WWF has reported that that target has been met. The Food and Agriculture Organization reports that 21 percent of forest land in South and Southeast Asia has been set aside for biodiversity conservation (considerably more than the CBD’s proposed 10 percent).
The United Nations Environment Program has reported that 21 percent of tropical forests are in protected areas. In temperate forests the percentage is less than 13 percent, but even then we cannot be too precise.
For example, the FAO recently revised its deforestation figures for 2000-2005 downwards by more than 12 million hectares — half the area of Britain.
Two points to underline here are that plenty of forest land remains for productive activity and that globally the rate of deforestation is modest and declining.
The FAO reports the global deforestation rate has declined from 0.20 percent of forest land per annum to around 0.14 percent per annum over the past two decades.
This reflects historical and current empirical research on forests and economic development — that as societies become wealthier, deforestation slows, stops and eventually gives way to forest expansion.
That said, this is all educated guesswork. The technical basis of the measurement of global measure of forest cover could be significantly improved, and the FAO has been pressing for this to be done.
This would evidently be useful information. Instead of agitation for this from biodiversity activists and environmentalists, there is silence.
This is not surprising. Science is adduced to support a political case when it suits, not to establish facts.
Greenpeace and WWF have a long record between them of producing supposedly scientific reports where claims are not supported, even false and facts are misrepresented or distorted.
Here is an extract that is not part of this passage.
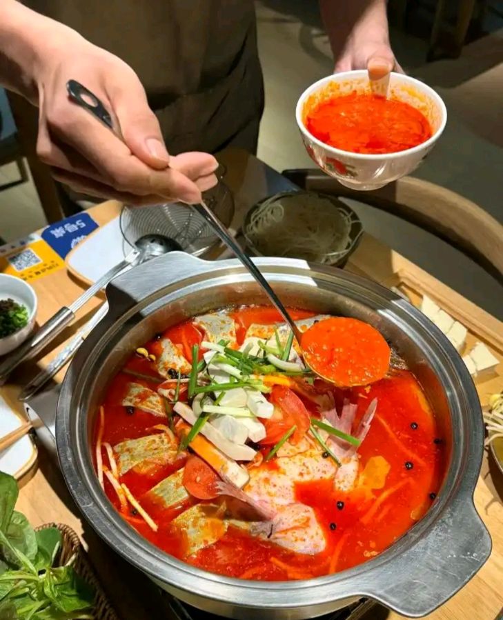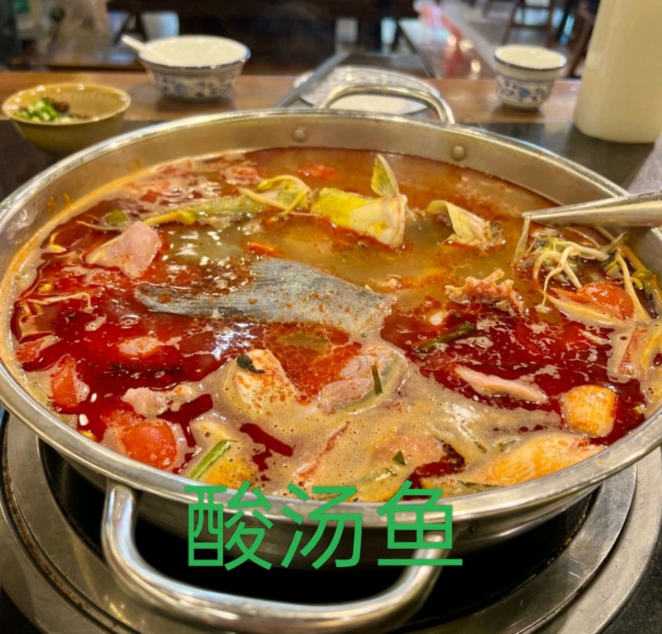 不一会儿服务员就端上来一锅酸汤鱼,和一些配菜和饮料等食品,那汤汁是鲜红色的里面有葱花和香菜等,看起来就让人垂涎欲滴。鱼肉是黄辣丁,我们每个人先盛半碗酸汤在自己的碗里,漫漫喝汤漫漫品味。哇塞!酸汤的味道独特又浓郁,那股酸味浓厚而不刺激,那辣味则增添了食欲传遍自己的味蕾,越喝越有味。汤汁里融合了蕃茄的酸甜味与木姜子的特殊香气,再加上各种香料的配备,每喝一口都令人沉醉。

Greenpeace has been caught out twice in the last few months, producing heavily distorted reports about the pulp and palm oil industries.
WWF’s record is little better. It has made claims about the rate of burning down Indonesian forests which have been publicly demonstrated as wrong.
The London Telegraph dubbed as “Amazongate” revelations that WWF had produced supposedly science-based reports on the adverse impacts of forestry in Brazil which could not be supported.
There is a political campaign at work here. The aim is to brand the largest plantation operators in Indonesia as responsible for the bulk of the country’s deforestation.
The group of mostly biodiversity scientists who here challenge World Growth share that sentiment. It is not true.
The FAO routinely states that worldwide around two-thirds of forest land clearance is by the poor — to acquire fuel wood, to practice low-return agriculture or to acquire shelter.
The other third is converted to highly productive use — commercial agriculture (including palm oil) and forest plantations.
These activities are important contributors to economic growth. A large share of it is undertaken by large companies.
Most land clearing by the poor in most developing countries already flaunts local land use rules. It’s hard to see how a ban on deforestation driven by Western campaigners is going to make any difference.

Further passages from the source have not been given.